Les conditions de sécurité se sont détériorées depuis l’assassinat de Moïse, l’insécurité grandissante gangrenant la capitale. À Martissant, des gangs occupent des tronçons de la route nationale 2, un axe routier important qui relie quatre des départements du pays et s’étend de Port-au-Prince à la ville des Cayes. Ils terrorisent les usagers par des fusillades, des meurtres, des viols et des kidnappings contre rançon. L’axe est surnommé « route de la mort » par les habitants de la région.

Selon un rapport publié en février par le Réseau national de défense des droits humains (RNDDH), un groupe basé à Port-au-Prince, 3 294 meurtres ont été enregistrés au cours des quatre dernières années.

« Le niveau croissant d’insécurité résulte de l’incapacité des autorités à assurer la sécurité de la population », s’insurge Pierre Esperance, directeur exécutif du groupe.

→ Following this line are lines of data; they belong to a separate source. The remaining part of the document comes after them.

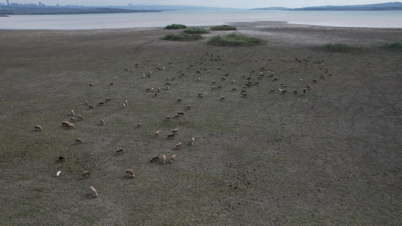 Kuraklık gözler önüne serildi Dron ile havadan yapılan çekimlerde, kuraklık gözler önüne serildi. Kuruyan alanlarda çobanlar tarafından koyunların otlatıldığı görüldü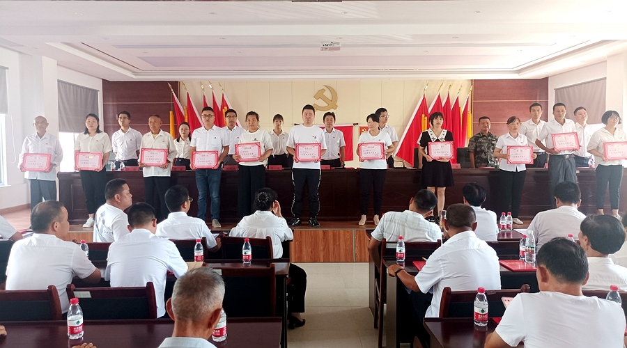 会议中,全体党员干部奏唱国歌,党委委员、组织委员翦红同志带领全体党员重温入党誓词,党委委员、党委副书记肖灵同志宣读表彰通报,理公港镇全体班子成员为理公港镇优秀共产党员、优秀党务工作者、先进党组织进行颁发奖牌、证书。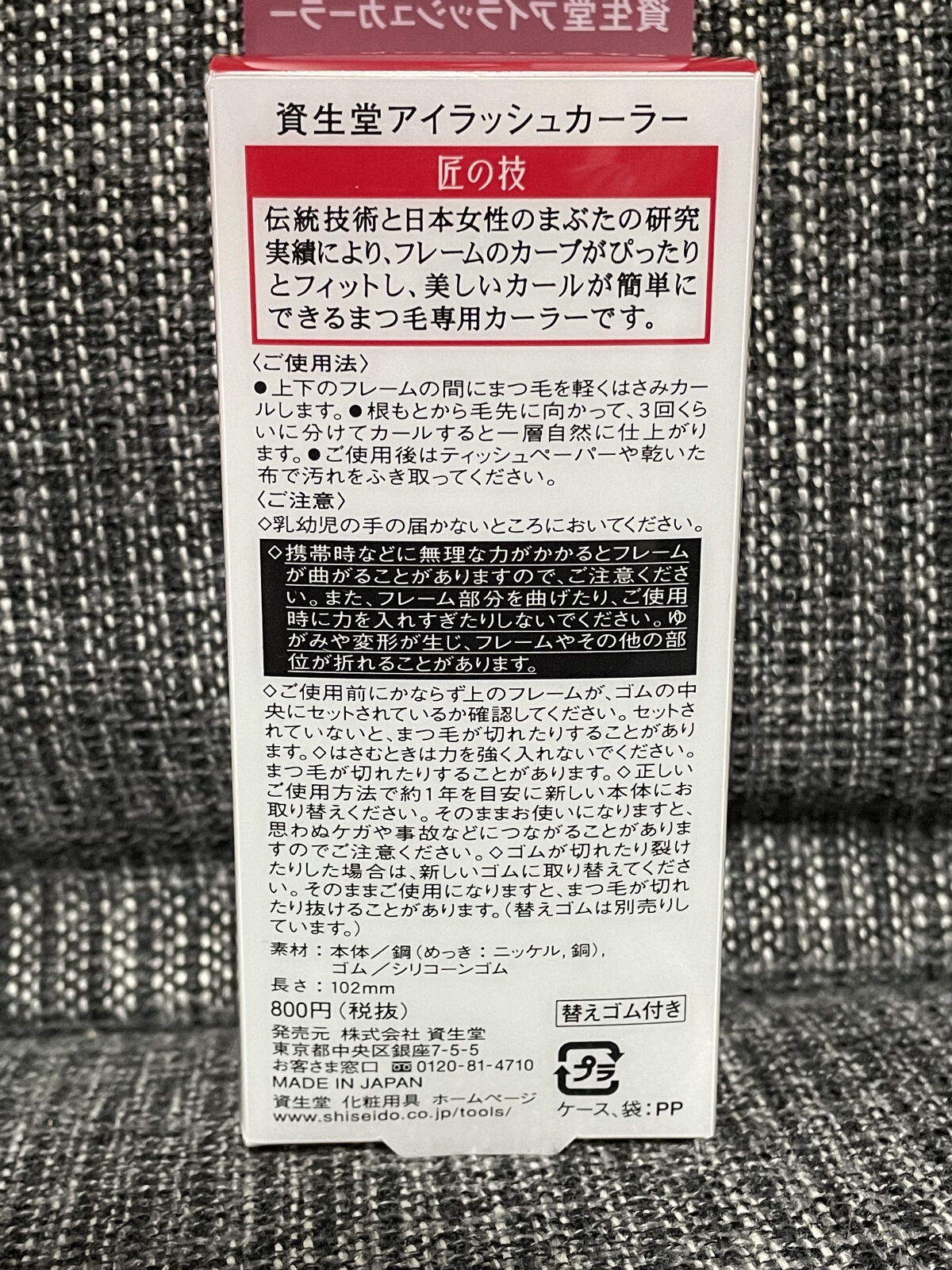 - 匠の伝統技を集結させたまつ毛専用カーラー。 まつ毛の生え際からきれいにカール。 日本女性のまぶたの研究知見と伝統的な加工技術を惜しみなく集結。 緻密に計算されたカーブフレームなど、一つひとつ丁寧に調整し完成させます。 熟練した職人にしか作り出せない、手仕事による逸品です。 替えゴム1コ付き。 素材 : 本体/鋼 (めっき:ニッケル,銅),ゴム/シリコーンゴム 長さ : 103mm ※2024年8月21日~「アイラッシュカーラー 213」から「アイラッシュカーラー」に名称変更 【価格改定のお知らせ】 「資生堂 アイラッシュカーラー」は、このたび原材料価格の高騰を受け、 価格を改定させていただきます。 2024年8月21日(水)以降、本品の在庫がなくなり次第、新価格で販売いたします。 現価格 880円(税込) 新価格 1,320円(税込)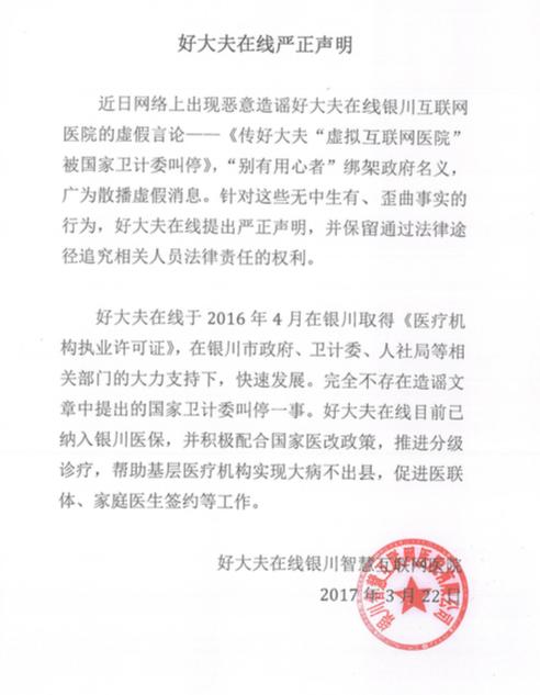 好大夫方面在第一时间做出了回应,指斥该文造谣,且“别有用心”。好大夫在声明中称“好大夫在线于2016年4月在银川取得《医疗机构执业许可证》,在银川市政府、卫计委、人社局等相关部门的大力支持下,快速发展。完全不存在造谣文章中提出的国家卫计委叫停一事。”
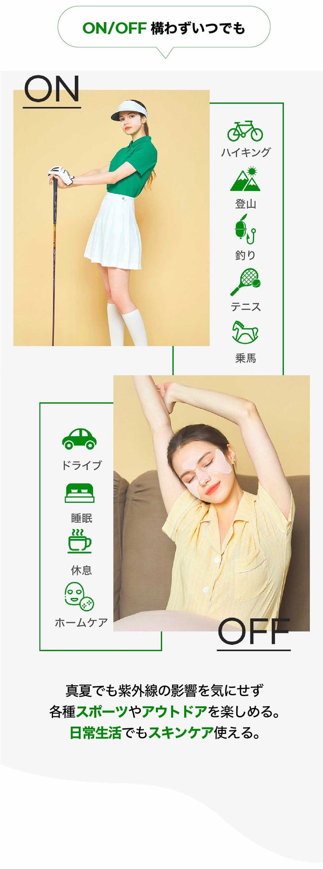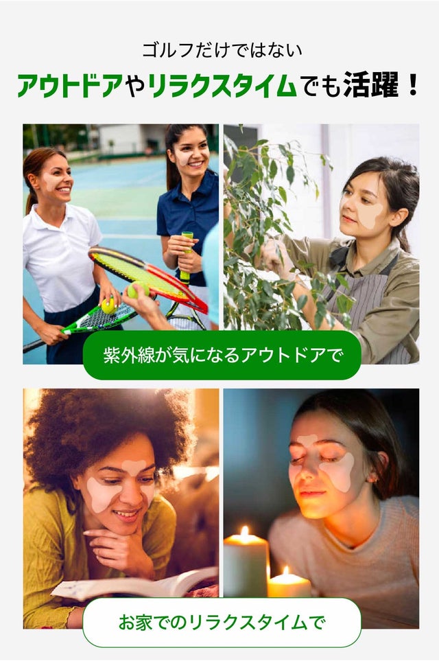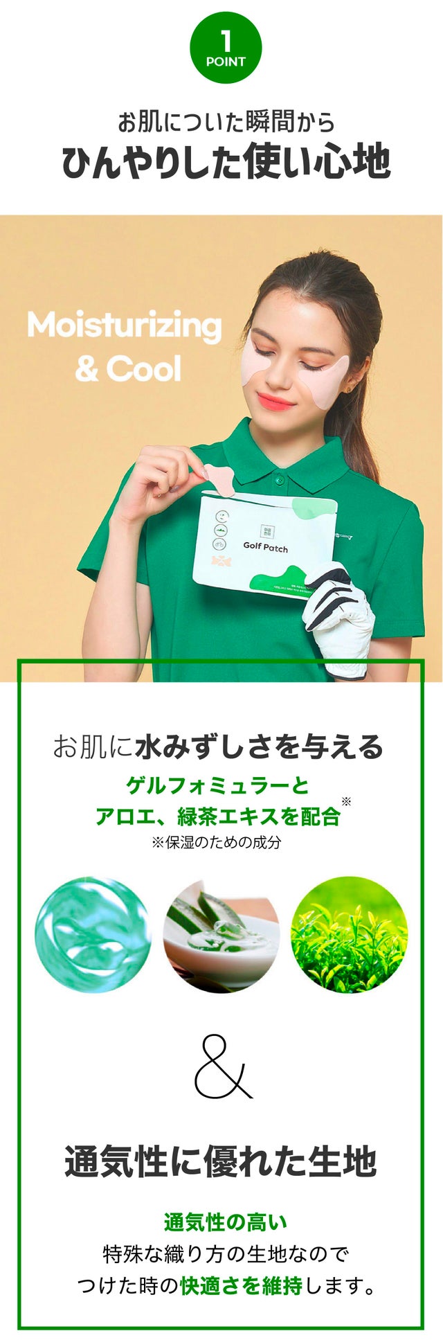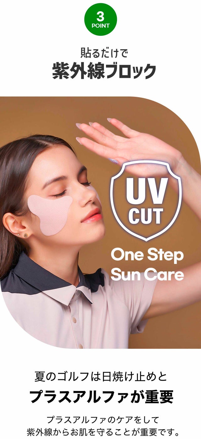 - ゴルフ場での日焼けや紫外線をしっかりガードするスキンケアパッチ。ラウンドが終わるまでケアします
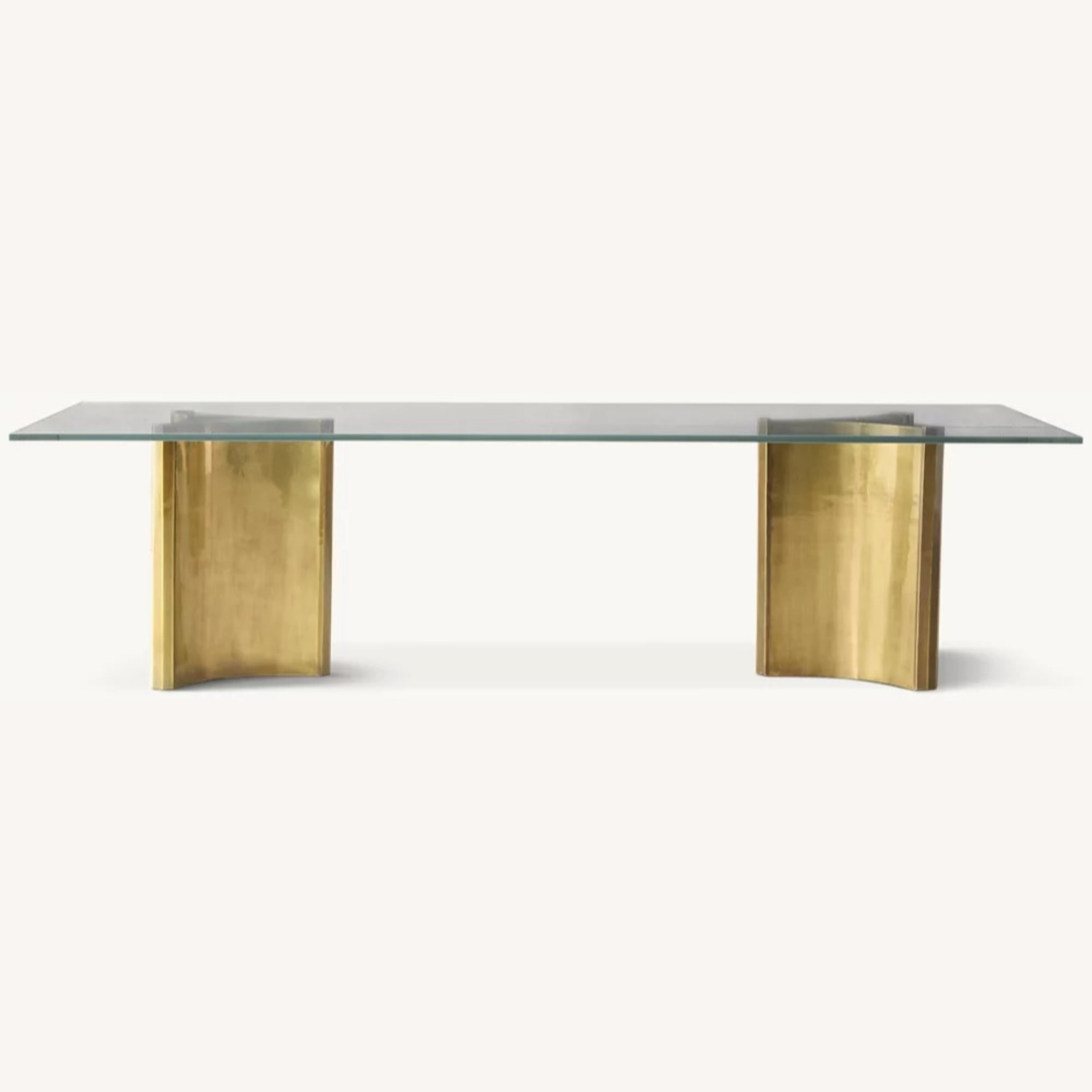 Seller's Notes:Dalton table is a sculptural statement piece. Inspired by 1970s postmodern design, its curved Y-form metal pedestals are showcased beneath a clear glass tabletop.

Roselore Occéan, une commerçante qui a emprunté la route nationale 2 presque tous les jours pendant plus de 20 ans pour s’approvisionner en marchandises pour son commerce, a vécu elle-même une telle situation de terreur. Un beau jour de décembre, elle se trouve à bord d’un bus public pour rejoindre Port-au-Prince.

« Même si nous étions inquiets, l’atmosphère dans le véhicule était très animée », raconte Occéan. « Nous parlions, plaisantions et riions ».

« Le plus important, c’est que je puisse travailler en toute sécurité et que je rentre vivant à la maison ».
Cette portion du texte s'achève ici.